Гештальтпсихологи, по существу, предполагали наличие аналогичного механизма, когда формулировали законы, позволяющие принимать решение, что именно в данном изображении является фигурой, а что — фоном. В классических исследованиях Э. Рубина было показано последействие фигуры, т.е. в наших терминах — последействие позитивного выбора. Рубин предъявлял своим испытуемым бессмысленные черно-белые изображения, а испытуемые воспринимали их как белое на черном или, наоборот, как черное на белом. Оказалось: то, что испытуемый принял за фигуру в обучающей серии, он примет за фигуру и в тестирующей серии (через несколько дней), хотя даже не помнит предъявленных ему изображений. Гештальтпсихологи не видели другой возможной интерпретации этих экспериментальных данных. Но ведь если испытуемый выбирает в качестве фигуры черное, то он 11 одновременно с неизбежностью принимает за фон белое. Поэтому можно интерпретировать данные Рубина и как последействие фона: то, что однажды было выбрано в качестве фона, имеет тенденцию оставаться фоном и при повторном предъявлении. Если последействие фона существует, то оно, собственно, и является последействием негативного выбора. Кстати, во многих исследованиях гештальтистов отмечается: при предъявлении двусмысленных изображений испытуемые часто с большим трудом могут осознать второе изображение. Обычно не помогает ни указание на существование второго значения изображения, ни даже прямое указание, каково это второе значение. Разве это не говорит о последействии негативного выбора? К тому же существует немало исследований, показывающих, что испытуемые все-таки воспринимают второе значение, хотя и не осознают его. В экспериментах Рубина на самом деле проявились оба эффекта последействия — и фигуры и фона.
В наших исследованиях (Филиппова, 2006) параллельно с восприятием двойственных изображений (контролировалось, какое из значений этого изображения осознается) испытуемые выполняли еще одну задачу, например расшифровывали анаграмму или опознавали рисунок в сложных условиях предъявления. Как и ожидалось, было обнаружено заметное последействие фигуры: задачи, связанные по смыслу с осознанным значением изображения, решались быстрее задач, семантически не связанных ни с одним значением этого изображения.
Но также оказалось, что задачи, связанные с неосознанным значением изображения, решаются значимо дольше задач, решение которых не связано с изображением.
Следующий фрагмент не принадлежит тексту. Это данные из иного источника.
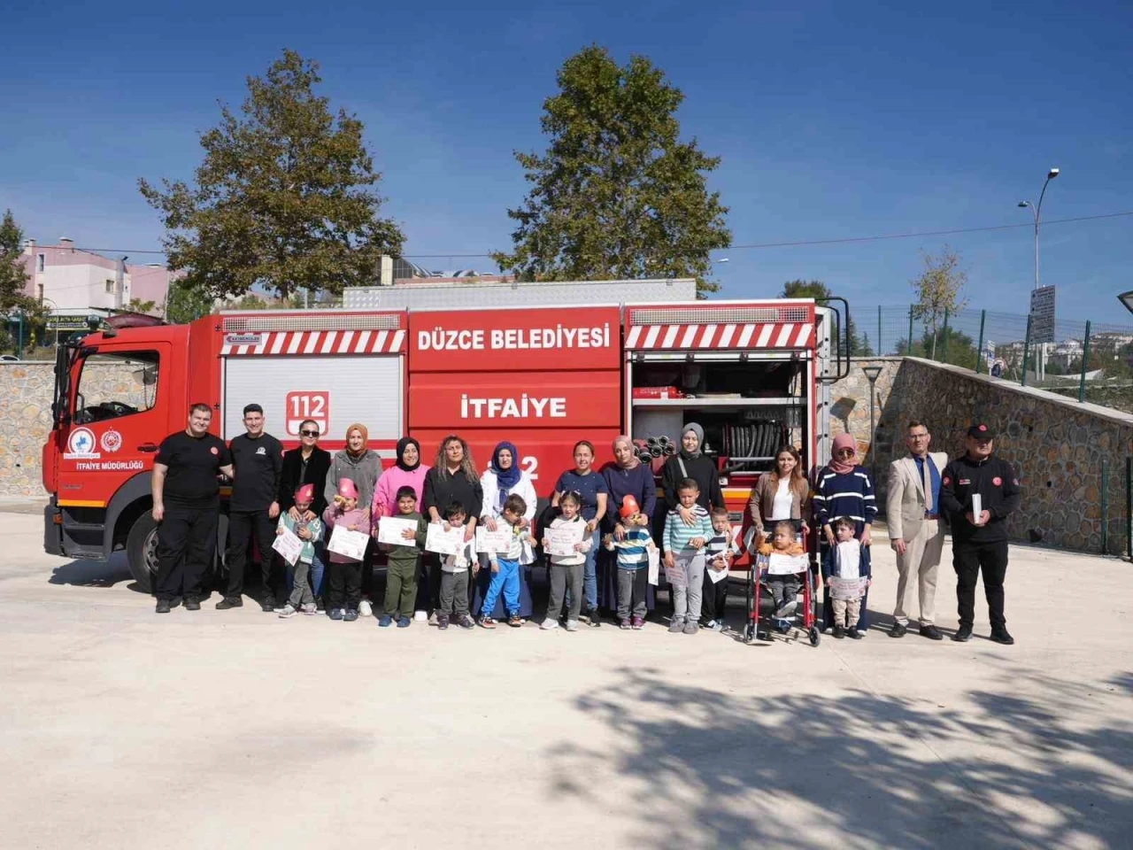 Düzce Belediyesi İtfaiye Müdürlüğü, Yangına Müdahale Eğitimleri kapsamında özel eğitim anaokulunu ziyaret etti. Miniklerin itfaiye teçhizatına ilgisi ve mutluluğu gözlerinden okundu.

В психофизических концепциях обычно не придается серьезного значения работе сознания в задаче различения сигналов. В наших же исследованиях (Карпинская, 2006, 2008) было показано, что сознание играет решающую роль в формировании сенсорных порогов: одно лишь кажущееся (иллюзорное) изменение величины или интенсивности стимулов приводит к изменению сенсорных порогов. Эффекты последействия позволяют обнаруживать, что испытуемый способен различать сигналы даже в тех случаях, когда осознанно их не различает.
В исследовании Н.П. Владыкиной (2008) испытуемым предъявлялись звуковые сигналы разной интенсивности (или горизонтальные отрезки разной длины) в пределах зоны субъективного неразличения. Тем не менее наблюдался выраженный эффект последействия позитивного выбора. Так, если испытуемые давали в зоне неразличения правильный ответ («громче» или «тише» эталона), то повторение правильного ответа в следующем же предъявлении точно такого же сигнала встречалось в три раза чаще, чем его изменение. Но это означает, что человек каким-то образом неосознанно отличает правильный ответ от неправильного (ВАЖНО).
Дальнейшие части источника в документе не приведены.